Problem statement: Your job is to give again, exactly and with no additions, the lines in the records below from the one with "Carhartt カーハート ハーフジップ" through the one with "主臥與衛浴以飯店質感的設計概", both included. Omit the pictures.

Data for the task:
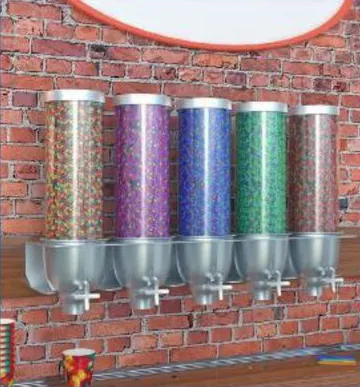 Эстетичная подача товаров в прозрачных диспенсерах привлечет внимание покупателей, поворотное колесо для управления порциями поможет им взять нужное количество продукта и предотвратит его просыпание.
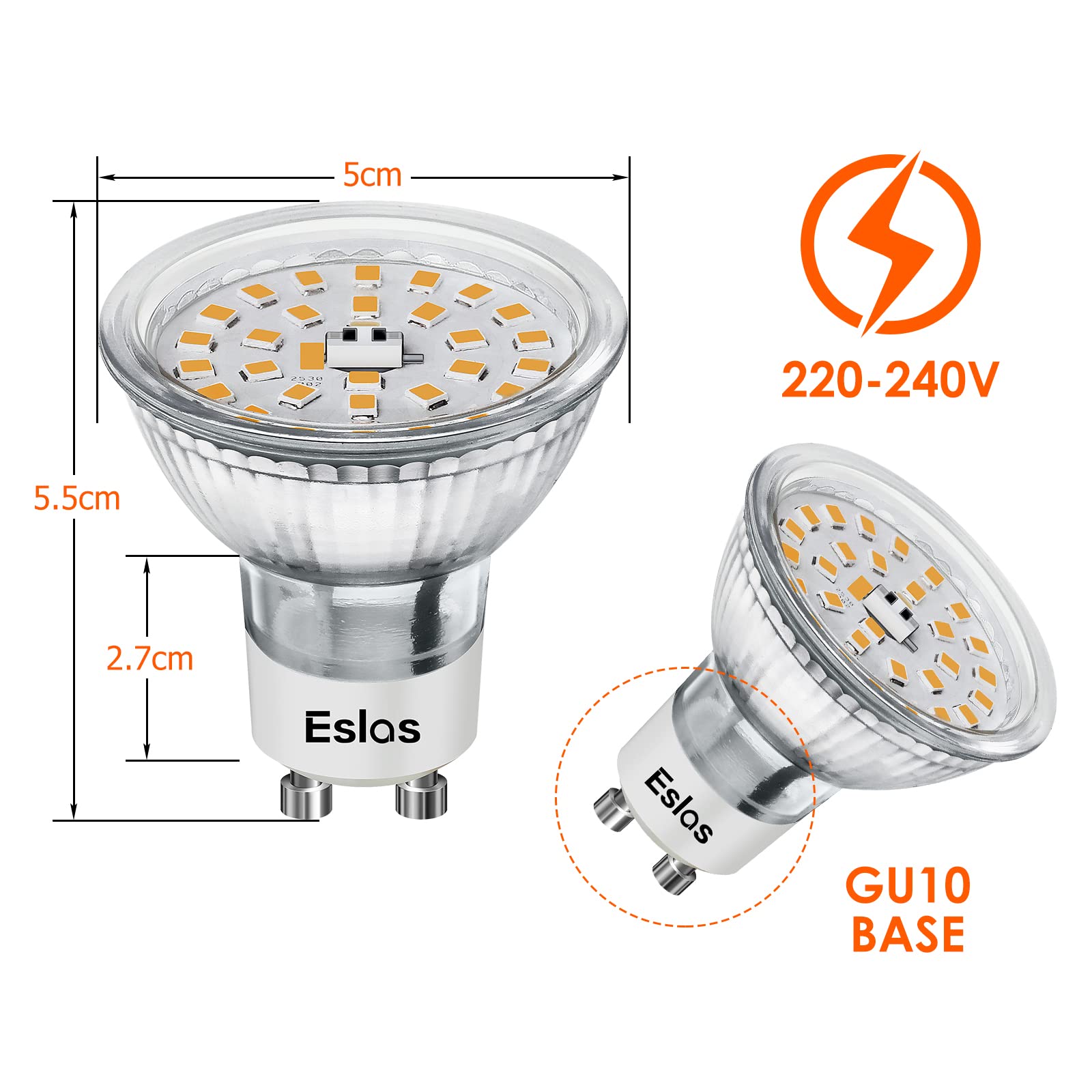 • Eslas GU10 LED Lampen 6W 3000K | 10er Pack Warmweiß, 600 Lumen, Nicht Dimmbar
==
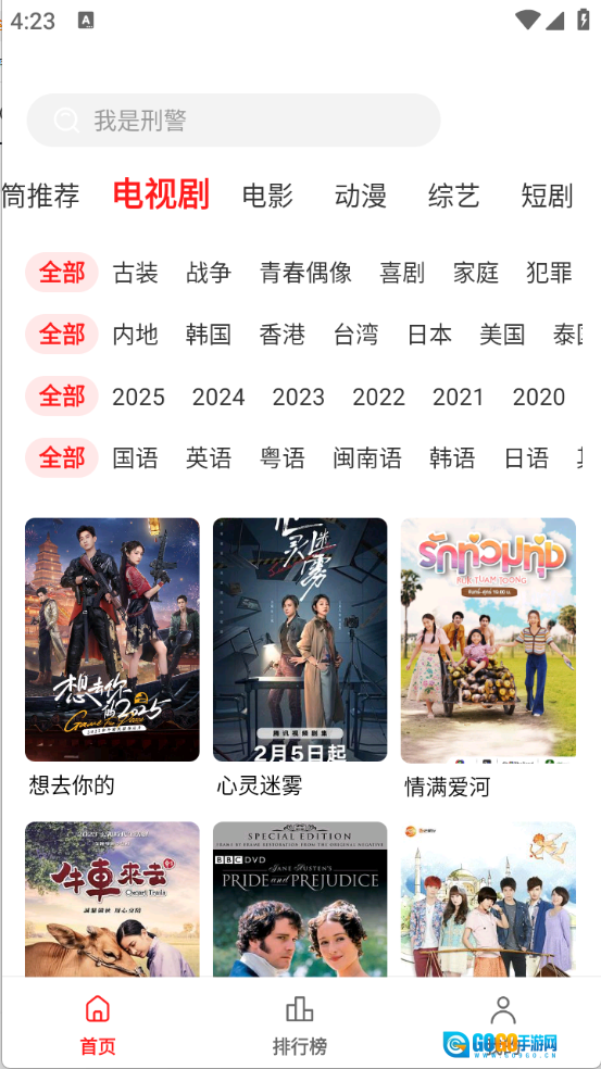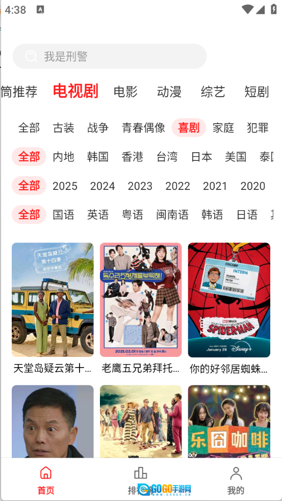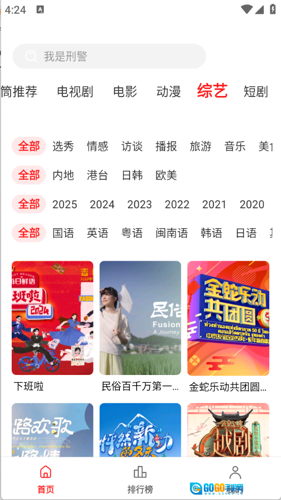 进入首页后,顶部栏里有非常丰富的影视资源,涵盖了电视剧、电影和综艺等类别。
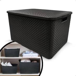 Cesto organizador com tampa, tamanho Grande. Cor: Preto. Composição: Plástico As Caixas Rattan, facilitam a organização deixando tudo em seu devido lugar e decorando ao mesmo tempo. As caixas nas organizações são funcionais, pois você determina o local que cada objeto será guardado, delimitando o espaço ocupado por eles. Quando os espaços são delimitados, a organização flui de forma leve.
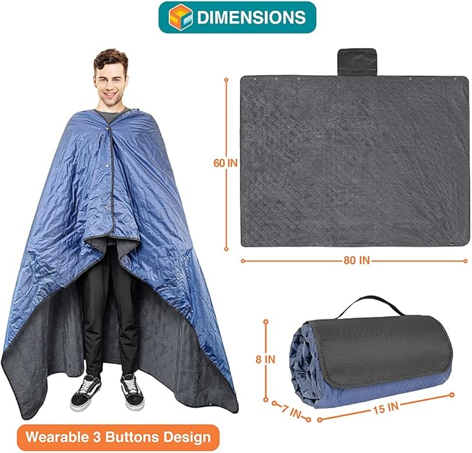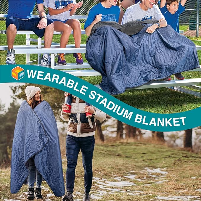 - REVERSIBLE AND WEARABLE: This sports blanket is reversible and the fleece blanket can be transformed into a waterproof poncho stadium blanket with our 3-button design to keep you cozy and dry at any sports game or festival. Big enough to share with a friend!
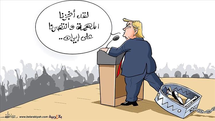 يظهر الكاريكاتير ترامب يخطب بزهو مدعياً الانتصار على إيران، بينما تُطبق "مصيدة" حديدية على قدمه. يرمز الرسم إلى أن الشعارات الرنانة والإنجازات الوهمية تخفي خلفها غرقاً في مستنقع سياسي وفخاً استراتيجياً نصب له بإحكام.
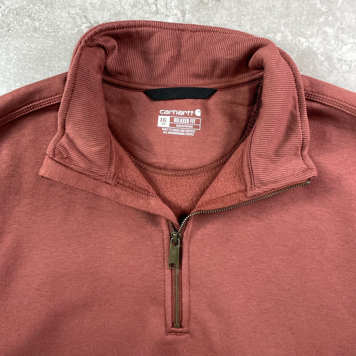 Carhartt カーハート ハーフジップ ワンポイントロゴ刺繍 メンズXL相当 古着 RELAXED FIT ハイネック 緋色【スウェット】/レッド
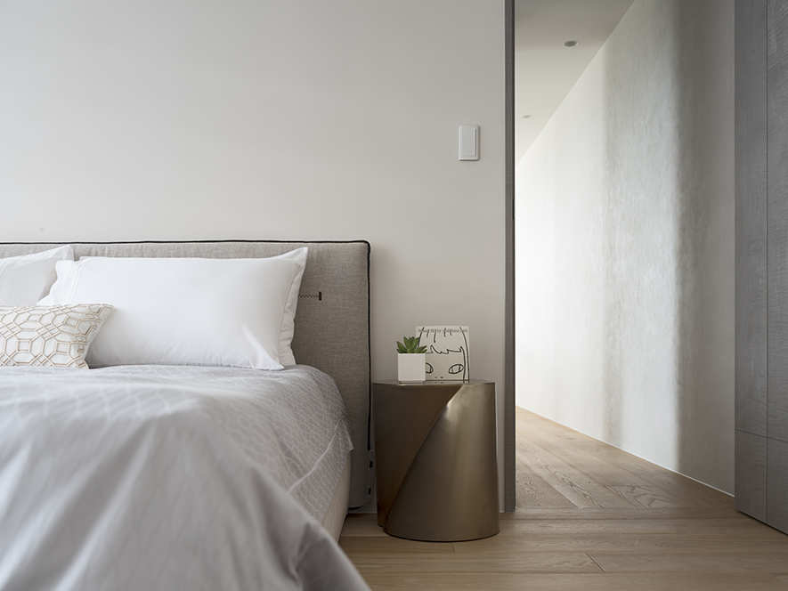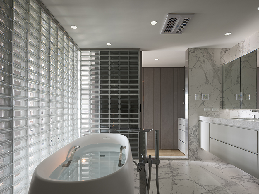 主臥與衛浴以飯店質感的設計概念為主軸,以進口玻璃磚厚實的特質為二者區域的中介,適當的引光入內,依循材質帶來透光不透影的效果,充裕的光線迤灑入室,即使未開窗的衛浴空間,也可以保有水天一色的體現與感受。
* * *
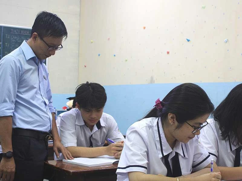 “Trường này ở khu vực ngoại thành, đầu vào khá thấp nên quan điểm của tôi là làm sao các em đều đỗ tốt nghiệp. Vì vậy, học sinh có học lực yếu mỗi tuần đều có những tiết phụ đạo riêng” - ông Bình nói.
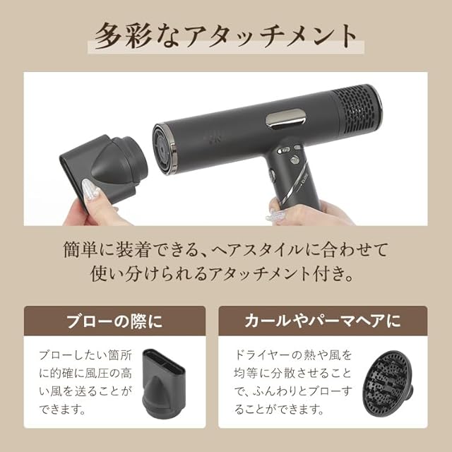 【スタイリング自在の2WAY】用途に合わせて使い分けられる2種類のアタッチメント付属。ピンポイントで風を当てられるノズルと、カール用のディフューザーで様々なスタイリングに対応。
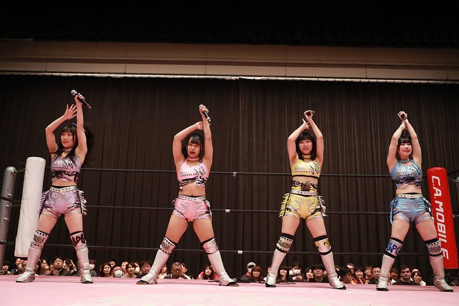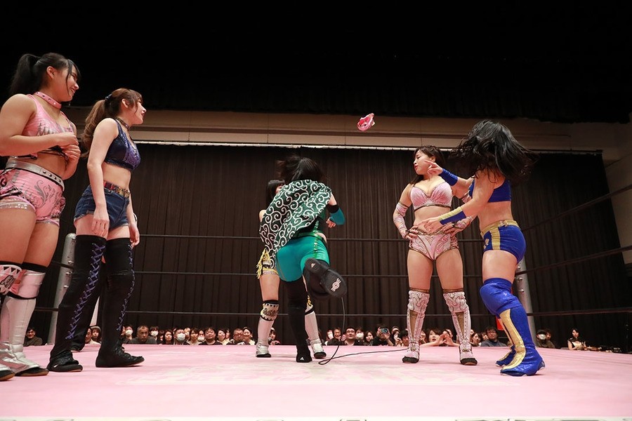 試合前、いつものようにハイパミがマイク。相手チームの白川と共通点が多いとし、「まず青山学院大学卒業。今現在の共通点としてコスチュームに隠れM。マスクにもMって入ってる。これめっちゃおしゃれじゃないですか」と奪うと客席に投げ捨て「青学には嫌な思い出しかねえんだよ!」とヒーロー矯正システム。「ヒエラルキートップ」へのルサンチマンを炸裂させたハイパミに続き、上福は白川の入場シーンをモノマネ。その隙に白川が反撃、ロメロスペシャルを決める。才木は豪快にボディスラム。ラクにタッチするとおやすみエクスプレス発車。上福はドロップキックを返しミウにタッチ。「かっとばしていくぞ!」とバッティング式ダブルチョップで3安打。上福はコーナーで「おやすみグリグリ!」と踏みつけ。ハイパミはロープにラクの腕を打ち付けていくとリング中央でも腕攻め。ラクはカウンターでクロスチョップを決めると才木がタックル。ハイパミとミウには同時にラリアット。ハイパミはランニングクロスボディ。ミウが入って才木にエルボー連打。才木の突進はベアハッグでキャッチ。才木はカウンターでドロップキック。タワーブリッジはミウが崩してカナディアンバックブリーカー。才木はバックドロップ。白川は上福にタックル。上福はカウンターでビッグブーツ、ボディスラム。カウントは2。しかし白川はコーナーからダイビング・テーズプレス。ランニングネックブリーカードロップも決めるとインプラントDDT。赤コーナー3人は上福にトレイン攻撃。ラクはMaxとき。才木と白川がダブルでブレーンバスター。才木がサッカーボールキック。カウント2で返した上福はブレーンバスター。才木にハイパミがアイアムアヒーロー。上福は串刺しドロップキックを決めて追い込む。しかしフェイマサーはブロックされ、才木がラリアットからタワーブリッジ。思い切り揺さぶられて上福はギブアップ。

Result of the exercise:
 Carhartt カーハート ハーフジップ ワンポイントロゴ刺繍 メンズXL相当 古着 RELAXED FIT ハイネック 緋色【スウェット】/レッド
 主臥與衛浴以飯店質感的設計概念為主軸,以進口玻璃磚厚實的特質為二者區域的中介,適當的引光入內,依循材質帶來透光不透影的效果,充裕的光線迤灑入室,即使未開窗的衛浴空間,也可以保有水天一色的體現與感受。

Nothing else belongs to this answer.